Written By: Sergio Amidei & Adolfo Franci & Cesare Giulio Viola & Cesare Zavattini.
Starring: Franco Interlenghi (Pasquale Maggi), Rinaldo Smordoni (Giuseppe Filippucci), Annielo Mele (Raffaele), Bruno Ortenzi (Arcangeli), Emilio Cigoli (Staffera).
Like the best of his films, Vittorio De Sica’s Shoeshine tells an incredibly simple story with powerful emotions at its core. The story is not complicated, the characters not difficult to read, yet the emotional power the film has over its audience is stunning. Like he would later do in The Bicycle Thief and Umberto D., De Sica’s film is a neo-realist classic in the best sense.
It is post war Italy, and Pasquale and Giuseppe are two poor boys in Rome, who no longer attend school, but work as shoeshine boys, and doing whatever other odd jobs they can find. Pasquale’s family is dead, and he stays with Giuseppe, whose family is poor and needs him to earn money, because no one else in the family can. Theirs is a hard life, and the only joy they take in it is by going to the stables and riding a horse they have their heart set on buying. They do not really need to own the horse, but in a sense they do. It’s their dream, and without it, they may cease to be able to continue on.
Giuseppe’s brother comes to them one day with a job. Take two American army blankets to an old fortune teller who will pay good money for them. They do this, and they’ll make 500 lire, which they really need since they are only 3000 lire short of buying the horse. They agree to the job, but it doesn’t go quite how they think it will. After they sell the blankets, Giuseppe’s brother and some friends arrive posing as police, and rob the woman blind. Pasquale and Giuseppe get a bonus for not saying anything – enough to buy the horse, which they ride through town and feel like kings for a day.
But the fortune teller is able to tell the police who the kids who sold her the blanket were. They are arrested and thrown into a juvenile jail, which they are told they will stay in until they give up their adult accomplices. They steadfastly refuse to say anything, but then the guards play a trick on Pasquale, pretending to beat Giuseppe with a belt, until Pasquale confesses to get them to stop hurting his friend. When Giuseppe finds out, he feels like Pasquale has betrayed him and his family, and the former best friends become enemies.
De Sica was one of the founding members of Italy’s neo-realist movement – a style which can still be seen today in the films of the Dardenne brothers and the great Romanian film 4 Months, 3 Weeks and 2 Days. At the time, there was very little money to make films in Italy, so directors like De Sica made films on the streets, instead of in studios, and used non-professional actors, to save on money. The result were films like Shoeshine that have a simple power to them, because they seem so real. Unlike the German filmmakers at the time, who seemed to stick their heads in the sand and refuse to acknowledge their countries sins (something that to a certain extent is just now being corrected), the Italian masters wanted to show their country, warts and all. De Sica’s later film, Umberto D, led to a reformation of pensions for civil servants, even while the Minister of Culture decried the film saying things were not quite that bleak.

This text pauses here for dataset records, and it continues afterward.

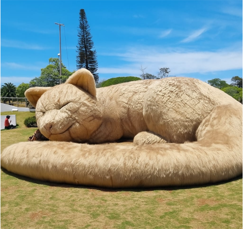 A obra “Círculo de Paz” é uma instalação artística que combina arte, design urbano e afeto em um gesto simples: criar um espaço de acolhimento coletivo inspirado na forma de um gato em repouso. A escultura representa um enorme gato adormecido, transformado em mobiliário público lúdico, que convida o público a interagir e relaxar em sua estrutura macia como um gato felpudo.
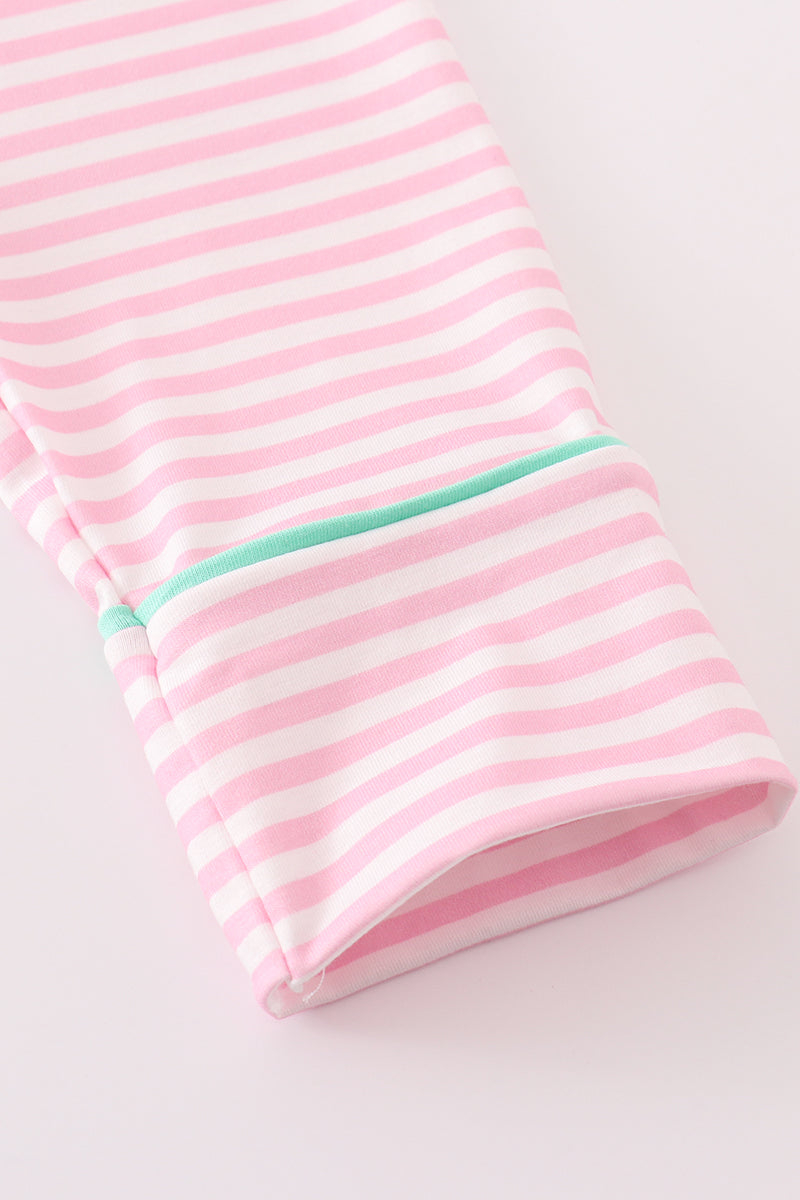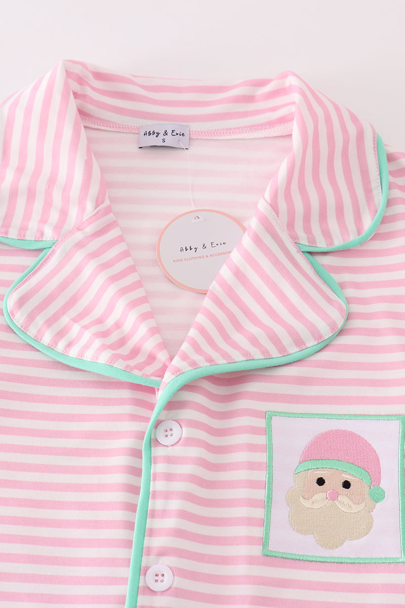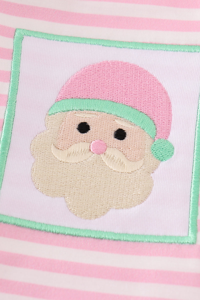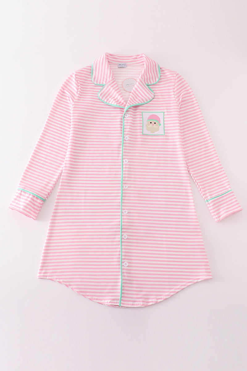 Pink stripe christmas santa claus embroidery women gown
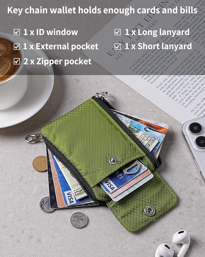 Minimalist Wallet For Mens Womens, Keychain RFID Blocking Zipper Small Wallet with ID Window 2 Lanyards,Water Resistant Travel Cash Card Coin Case Boys Girls

In Shoeshine, De Sica has progressed from his earlier films – like the little seen The Children Are Watching Us – to make a genuinely great film about post war Italy. His affinity with children would remain throughout his career, and his ability to drawn natural performances from them remains unrivaled. Perhaps the kids in this movie were so natural because the reality of their lives wasn’t so different from that being portrayed on screen. But whatever the reason, Shoeshine remains a great film – a film that draws us in to a world full of children who are forced to grow up too fast, who stubbornly hold onto to childish dreams, because really, that’s all they have. Reality has encroached their lives far too early.